• [Exercise directions]: Only the lines below from the one containing "One of the main" through the one containing "Bauer builds Professional" belong in the answer, set down exactly, with the pictures left out.

• [Source material]:
···
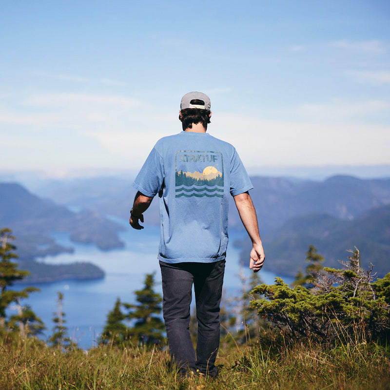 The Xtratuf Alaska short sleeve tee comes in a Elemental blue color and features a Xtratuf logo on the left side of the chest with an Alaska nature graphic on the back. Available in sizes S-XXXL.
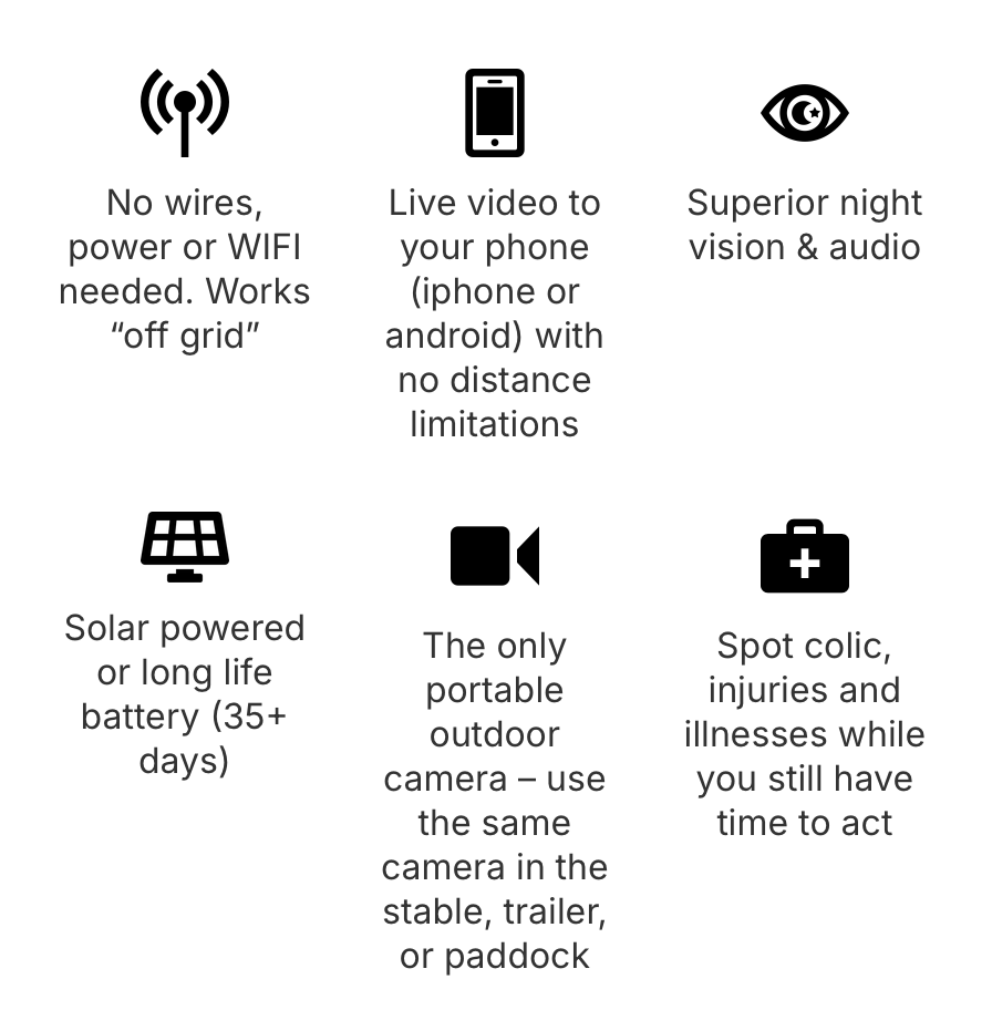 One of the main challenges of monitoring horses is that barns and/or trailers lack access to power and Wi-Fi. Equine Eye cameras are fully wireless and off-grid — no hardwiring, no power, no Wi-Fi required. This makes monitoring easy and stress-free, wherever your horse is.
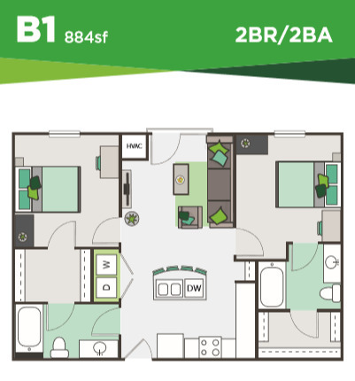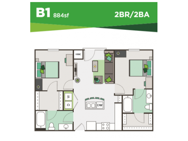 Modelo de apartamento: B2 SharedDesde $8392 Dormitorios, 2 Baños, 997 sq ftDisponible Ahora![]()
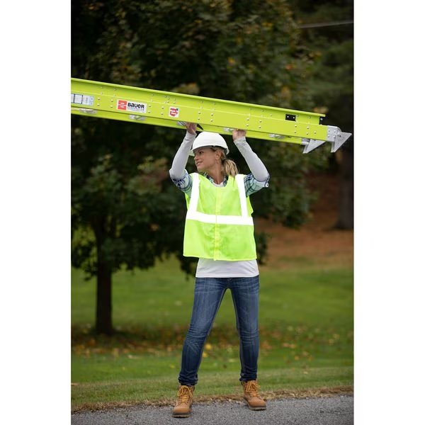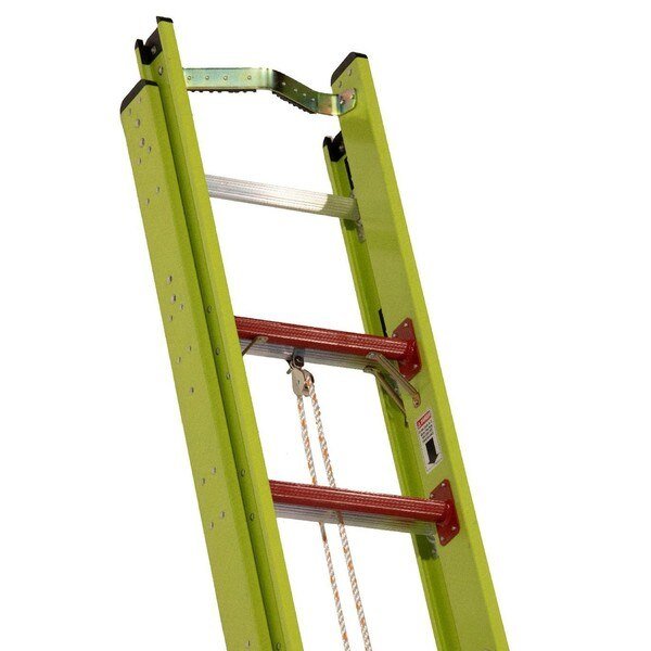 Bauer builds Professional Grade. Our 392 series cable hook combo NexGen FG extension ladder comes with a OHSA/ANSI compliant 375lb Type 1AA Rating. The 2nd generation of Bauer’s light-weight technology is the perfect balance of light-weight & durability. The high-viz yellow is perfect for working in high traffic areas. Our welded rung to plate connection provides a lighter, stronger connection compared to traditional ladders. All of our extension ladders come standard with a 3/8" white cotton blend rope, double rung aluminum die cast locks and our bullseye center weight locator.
···
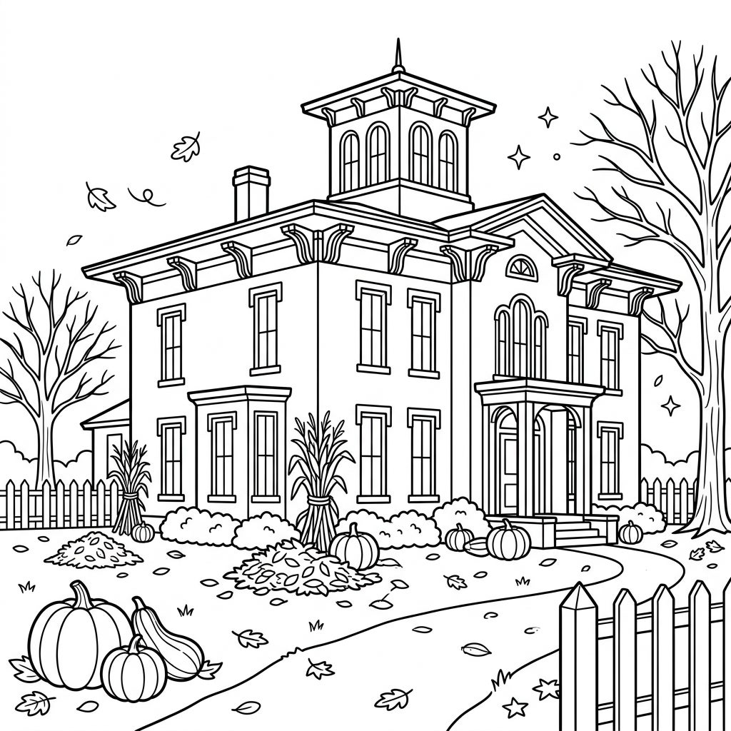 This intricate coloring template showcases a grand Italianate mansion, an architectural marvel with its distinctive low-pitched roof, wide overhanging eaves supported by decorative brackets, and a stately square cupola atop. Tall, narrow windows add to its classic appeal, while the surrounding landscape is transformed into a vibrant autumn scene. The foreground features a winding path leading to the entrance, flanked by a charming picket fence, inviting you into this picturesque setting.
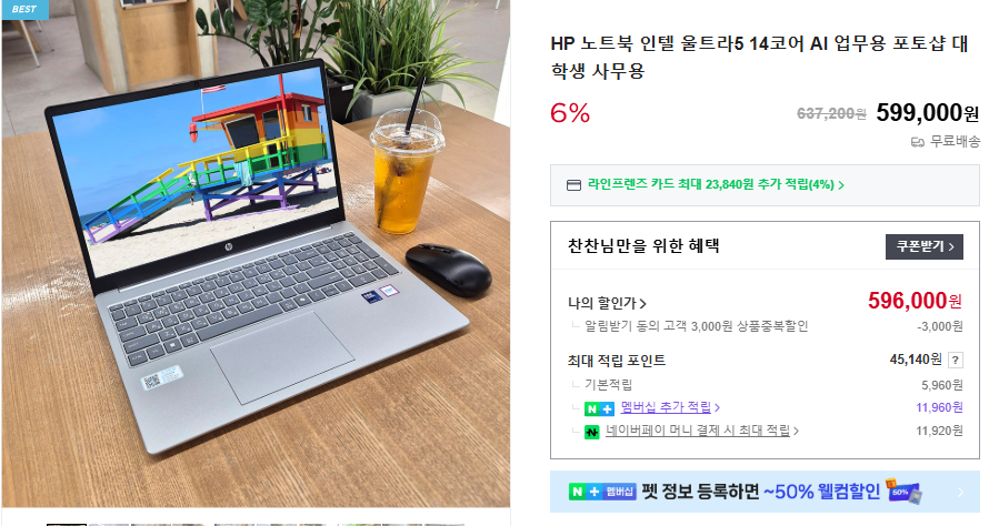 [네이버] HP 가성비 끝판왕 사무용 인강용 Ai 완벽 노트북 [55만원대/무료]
···
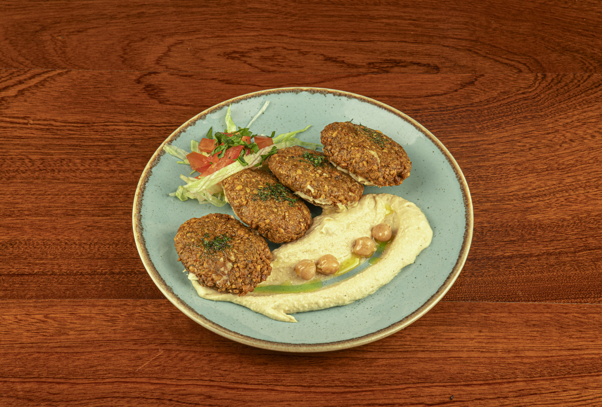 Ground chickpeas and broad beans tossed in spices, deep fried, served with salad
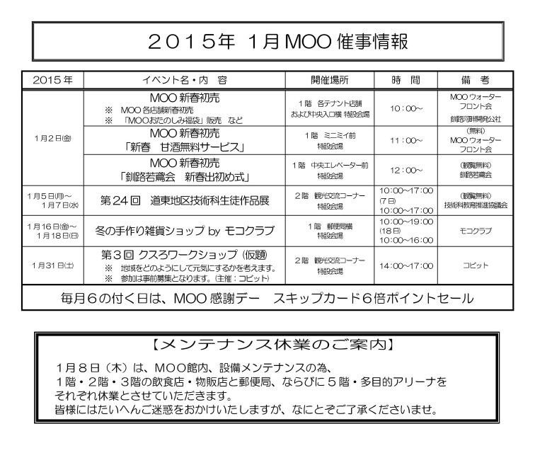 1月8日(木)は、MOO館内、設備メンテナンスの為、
···
• [Your solution]:
 One of the main challenges of monitoring horses is that barns and/or trailers lack access to power and Wi-Fi. Equine Eye cameras are fully wireless and off-grid — no hardwiring, no power, no Wi-Fi required. This makes monitoring easy and stress-free, wherever your horse is.
 Modelo de apartamento: B2 SharedDesde $8392 Dormitorios, 2 Baños, 997 sq ftDisponible Ahora![]()
 Bauer builds Professional Grade. Our 392 series cable hook combo NexGen FG extension ladder comes with a OHSA/ANSI compliant 375lb Type 1AA Rating. The 2nd generation of Bauer’s light-weight technology is the perfect balance of light-weight & durability. The high-viz yellow is perfect for working in high traffic areas. Our welded rung to plate connection provides a lighter, stronger connection compared to traditional ladders. All of our extension ladders come standard with a 3/8" white cotton blend rope, double rung aluminum die cast locks and our bullseye center weight locator.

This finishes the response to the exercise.